WHAT NEEDS TO BE DONE »
Below are records that hold pictures; write out only the lines from their start through the line with "Intra Συλλεκτικό Ξύλινο", exactly, and drop the pictures.

DATASET »
━━━━━━━━━━

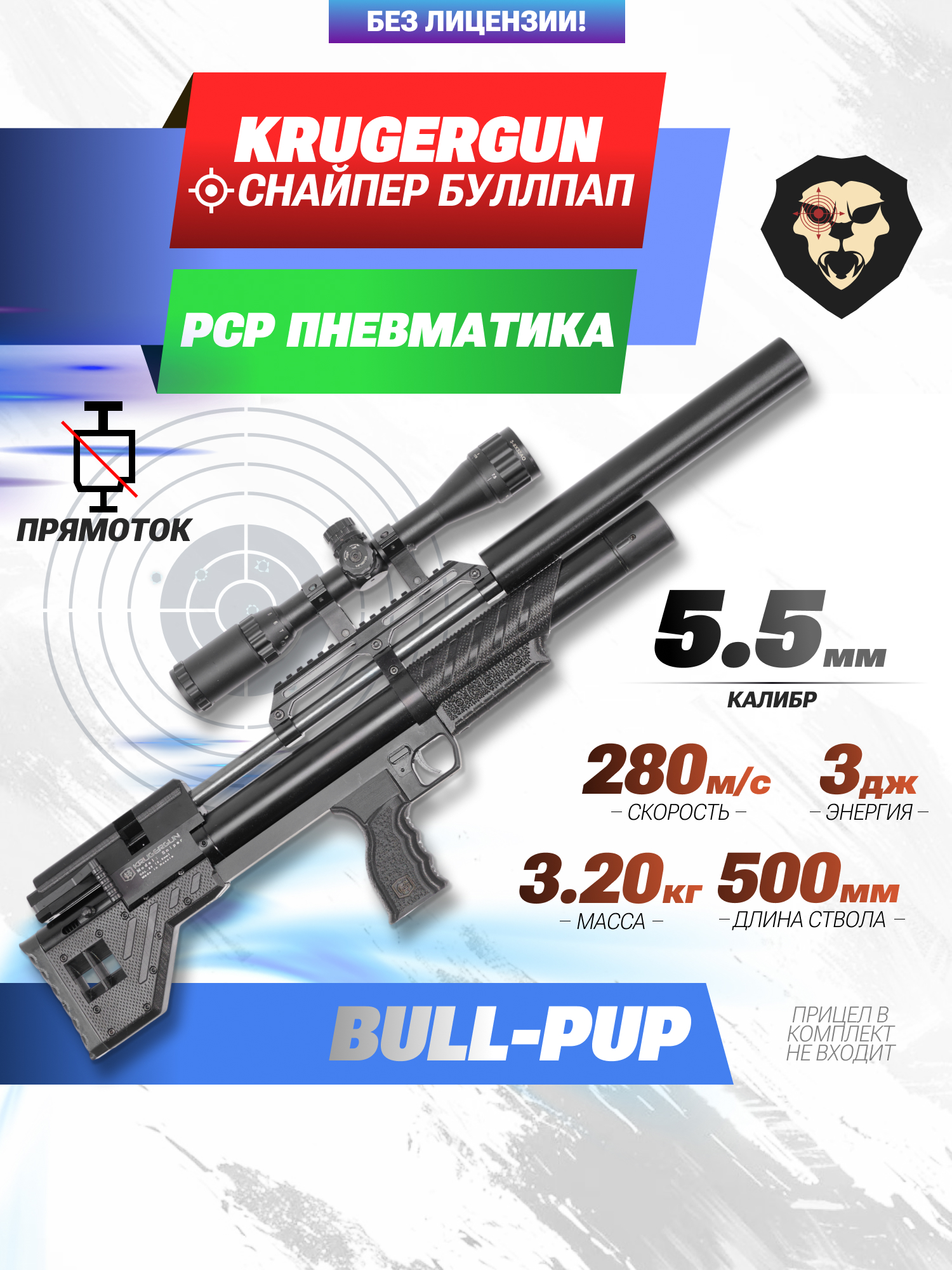 Пневматическая винтовка Krugergun Снайпер 5.5 мм Буллпап (500 мм, прямоток, пластик, резервуар 430) купить в интернет-магазине Popadiv10.
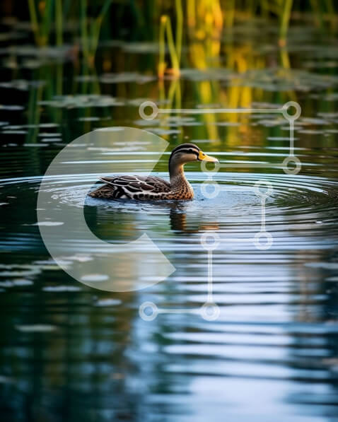 Intra Συλλεκτικό Ξύλινο Παζλ Plywood 4mm – Όμορφη εικόνα μιας πάπιας που κολυμπά σε μια καταπράσινη λίμνη Σε Ξύλινο Κουτί – Διαστάσεις: 10×10 cm – 25 κομμάτια
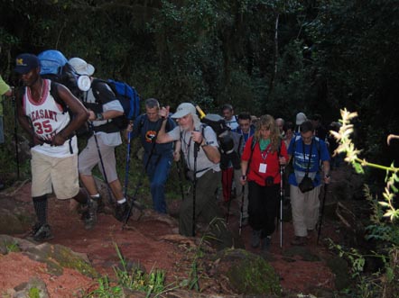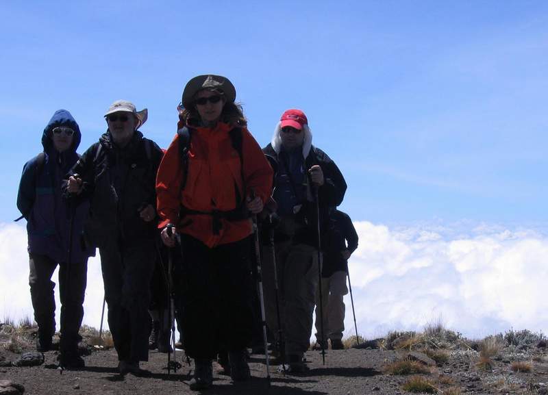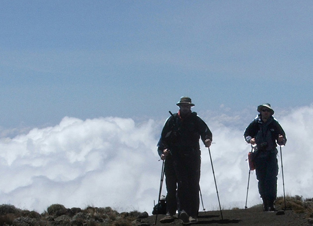 Hut-u. Veoma sporim hodom, uživajući u prelepom pogledu na Kibo,
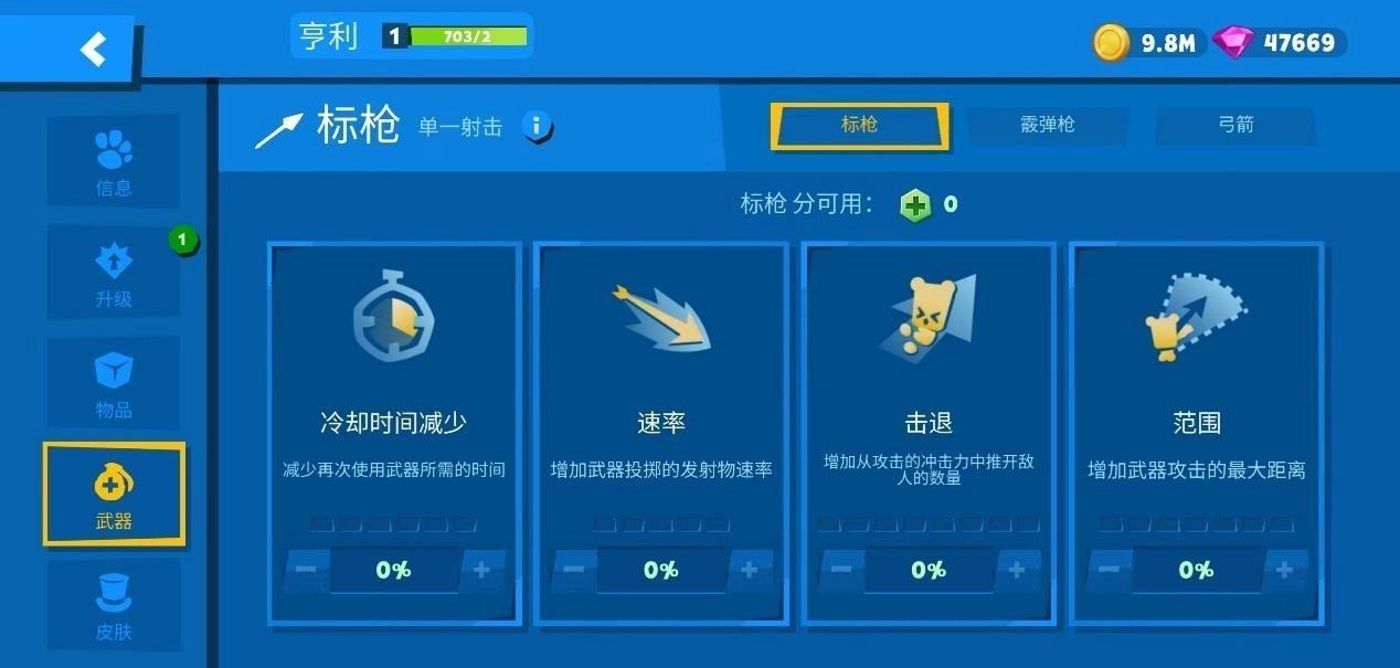 推荐的加分顺序为:冷却时间缩减→范围→速率→击退
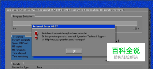 “An internal inconsistency has been detected”的中文意思是“检测到一个内部不一致性错误,如果这个问题一直持续,请与技术支持中心联系”,一般出现在复制镜像文件“文件.GHO”快结束时弹出来,一旦出现此问题,就意味着我们这次重装系统没有成功,出现错误,不是很常见。有时也伴随着“Output error file to the following location,A:/GHOSTEER.TXT”一起出现。
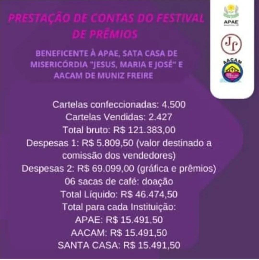 Prestação de Contas 2024 - Festival de Prêmios Beneficente
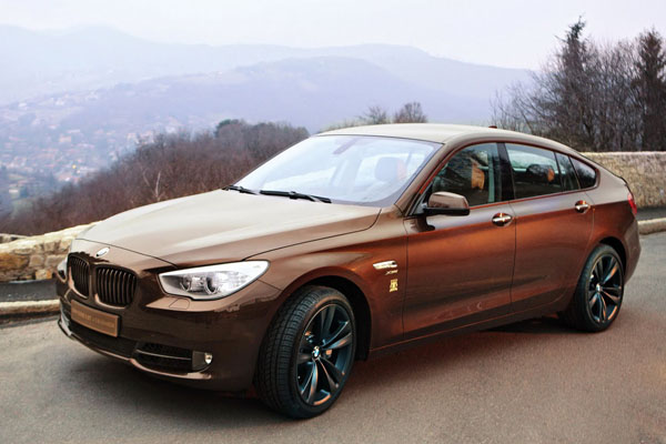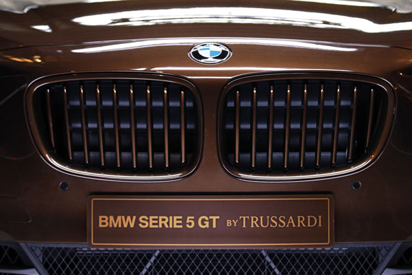 此輛5-Series GT特仕車型,外觀上運用了名為Heraldic Brown的咖啡色車漆,包含著稱的雙腎形水箱罩飾框與車窗飾條等,也採取車身同色處理;20吋的輪圈採用消光深灰色澤搭配,展現出專屬於Trussardi的低調奢華。
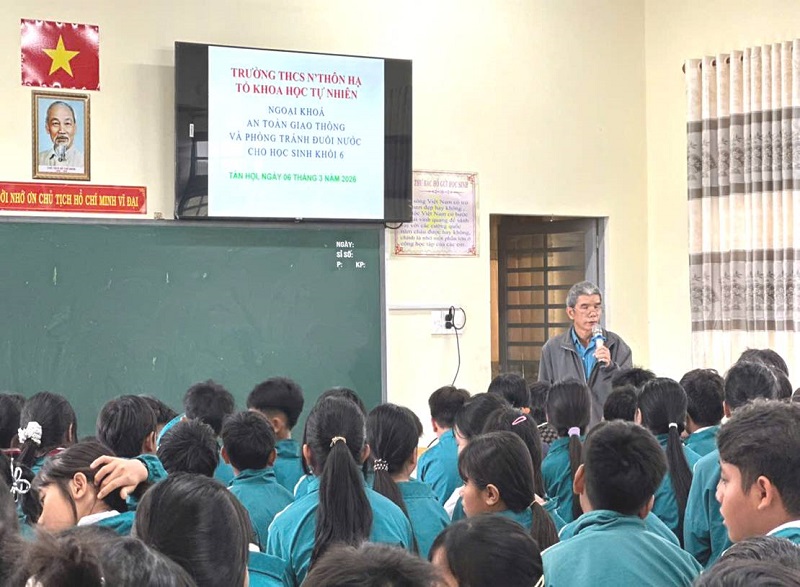 Theo kế hoạch của nhà trường THCS N’Thôn Hạ, chiều ngày 06 tháng 03 năm 2026, tổ Khoa học tự nhiên đã tổ chức thành công hoạt động ngoại khoá cho các em học sinh khối 6 với chủ để “Giáo dục an toàn giao thông, phòng tránh đuối nước”. Buổi ngoại khóa được tổ chức sinh động và thu hút được học sinh lớp 6 đến tham dự.

━━━━━━━━━━

REPLY »
 Пневматическая винтовка Krugergun Снайпер 5.5 мм Буллпап (500 мм, прямоток, пластик, резервуар 430) купить в интернет-магазине Popadiv10.
 Intra Συλλεκτικό Ξύλινο Παζλ Plywood 4mm – Όμορφη εικόνα μιας πάπιας που κολυμπά σε μια καταπράσινη λίμνη Σε Ξύλινο Κουτί – Διαστάσεις: 10×10 cm – 25 κομμάτια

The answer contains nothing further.